Vaclav KlausDubbed “Eurosceptics,” two national leaders — Vaclav Klaus of the Czech Republic and Lech Kaczynski of Poland — refused to bow the knee to the European Union. Despite the efforts of organizations such as Open Europe to disseminate accurate information about the true character the EU will assume under the Lisbon Treaty, the pressure has been mounting on the remaining ‘holdouts.’

The situation was only made worse by the vote in Ireland in favor of the treaty. Although obviously not all the Irish were duped by the Eurocrats (according to one report, “The main reason for voting against the treaty in the October referendum was fears over the loss of Irish identity (30%) and a lack of trust in politicians (20%)”), the pressure was finally too much for Kaczynski, and he signed the treaty on October 10.

And then there was one: Vaclav Klaus.

An article at Guardian.co.uk makes it clear that Kaczynski’s decision was motivated by personal political concerns:

Regarding President Kaczynski's unexpected decision, perhaps taking a look at the election calendar in Poland can shed some light on it. In October 2010, Kaczynski is expected to run for another term as president, and his most likely rival will be the incumbent prime minister Donald Tusk, who has been in office since 2007, when his party defeated the Kaczynski brothers' Law and Justice party (PiS). As every single poll gives Tusk a vast advantage over Kaczynski, the latter has to convince the voters that he is a politician of the centre, and not of the extremes. That, given his past record, will not be an easy task. Still, using Lisbon for promoting a friendlier, pro-European image, as advised by his spin doctors, obviously increases the president's chances of re-election.

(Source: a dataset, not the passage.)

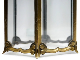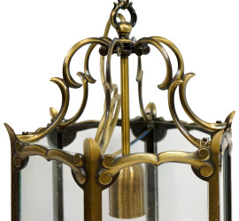 Lampadario a sospensione in metallo dorato e vetro, cm h 50

A huge majority of the Poles perceives the president's opposition to Lisbon as yet another sign of his aversion to the European Union and its federal ambitions. If Kaczynski followed the steps of Klaus, and Poland was subjected to the same amount of pressure that had been exerted on Ireland prior to 2 October, the overwhelmingly pro-European Poles would be unlikely to provide him with another five-year term. The Polish far right's recent disappearance from mainstream politics allows both the president and his party to shift safely towards the centre, now that law and justice's hegemony on the right is unchallenged.

For many Poles, the EU has made it easy to pursue work outside their country; according to a study in 2006, they were among the top five immigrant groups in Germany, the United Kingdom, the Netherlands, Austria, Slovakia, Sweden, Denmark, and Cyprus. In Germany and the United Kingdom, Polish nationals made up the largest immigrant group, at 152,773 and 59,771 individuals, respectively. For many Poles, support for the EU is about jobs, and in the midst of a global economic meltdown, that’s a hard thing for a politician to ignore.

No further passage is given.